Black Liberation Prisoner of War, Seth, has been fighting for adequate blood sugar monitoring for Type II diabetes since 2000. He had been consistently denied medical care for frequent, insulin-shock-induced blackouts in 2004 at Clinton Correctional facility. In 2009, when his sugar plunged to 32 and then up to 620 in a short amount of time, he had a seizure, for which he was taken off of honor block and thrown in keep-lock in Wende Correctional facility (supposedly a medical facility, though they denied him the diabetic diet necessary for his health). He relies on food packages from family and supporters to maintain an adequate diet that the prison refuses to give him. Donations can be made online at https://fundrazr.com/campaigns/810a58.

In August of 2012, at Sullivan Correctional Facility, he broke his index and middle fingers (injuries to the hands and feet, which can heal on their own, are very dangerous for diabetics).
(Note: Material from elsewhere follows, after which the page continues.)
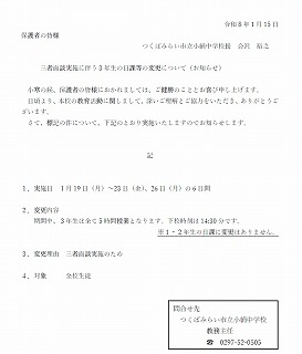 〇文書「三者面談実施に伴う3年生の日課等の変更について(お知らせ) 」(令和8年1月15日)
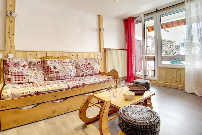 Bellissimo appartamento completamente rinnovato, esposto a sud-est, con balcone. 38 m² per 5 persone. Si trova sopra il centro commerciale, al 1° piano di una residenza con gli sci ai piedi.

He was given x-rays and seen only by a physician’s assistant (not a doctor), and the diagnosis as to which fingers were broken kept changing. He has now lost the full range of motion in his hand.

In December 2013, there was a call, fax and email campaign to make sure Seth is taken to an outside medical facility as he has lost 40 lbs.

In summer of 2015, after more call-ins and legal attention to the lack of treatment for Hepatitis C, Seth was finally treated for Hepatitis C.

As of January 2016, we are awaiting confirmation that the treatment was successful and the virus has been controlled.  Seth continues to struggle with inadequate management of his blood sugar, and this has led to Heart Failure, a common complication when diabetes is not properly controlled.

Some advances have been made as a result of ongoing medical campaigns for Seth but obviously more work is to be done.  Seth meets all of the requirements to be released on parole and has litigation pending.  His health issues could much more easily be properly monitored with the support and care of his family and friends outside of prison.